# Old Gentleman's Jacket



## elkfromabove (Apr 20, 2008)

Yesterday we went down to St George (from Enoch) to see if we could find a Gypsy attachment for my wife's Cricut because that's what she wanted as an anniversary present. (Our 47th anniversary was on the 14th.) Well, I wanted/needed a new winter jacket to replace the one I've had for 10 or 12 years 'cause it's getting pretty worn. But I know by now that _our_ anniversary is _her_ anniversary so I just wanted to stop at the local Deseret Industries store to find a used jacket. And I did! It was obviously a wealthy old gentleman's denim jacket with a sheep's wool lining, and it was only $6.00. But my wife wouldn't let me buy it because she doesn't like buying clothes worn by strangers 'cause she says you never know who wore it and you never know where it's been.
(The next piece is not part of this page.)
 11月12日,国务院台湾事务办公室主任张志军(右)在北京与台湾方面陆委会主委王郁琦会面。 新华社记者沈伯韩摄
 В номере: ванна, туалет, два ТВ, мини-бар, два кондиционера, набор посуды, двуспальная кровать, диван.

When I told her it was obviously a wealthy older Southern Utah gentleman's jacket, she wanted to know how I knew, so I showed her the two things I found in the pockets. One of them was obviously an opened foil mint packet with a horse image on it, from one of the fancy restaurants down there, though neither of us had ever heard of *Trojan* mints. And the other was a complimentary bottle labeled *warming lotion*. You know, the kind they probably give you to soften your fingers after dipping them in the fancy finger bowl after the meal.
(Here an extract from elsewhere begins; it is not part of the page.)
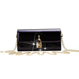 Elegance meets functionality in the Brangio Classic Patent Clutch. Crafted from glossy patent material with intricate floral embossing, this clutch makes a bold statement with its iconic lock and flower detail. The removable gold chain strap offers versatility, allowing you to wear it as a shoulder bag or a chic clutch. Perfect for evening events or special occasions, this timeless accessory embodies sophisticated style.
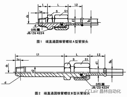 2、管子外徑D0為10mm的焊接式端直通圓錐管螺紋B型長管接頭;

Well, the jacket was a perfect match for a 70 year old man who now gets colder during the winter and likes to stay indoors more. I reminded her that we were in the D.I. in St. George and a lot of those folks down there are retired LDS leaders and this jacket probably belonged to one of them, but she still wouldn't let me buy it. Even after 47 years, I still don't understand that woman!


----------



## Huge29 (Sep 17, 2007)

Nice!


----------



## Briar Patch (Feb 1, 2010)

On a positive note - at least you know how things work after 47 years, if not the why.  :mrgreen:


----------



## Bax* (Dec 14, 2008)

That was a great post Lee! Thanks for sharing!


----------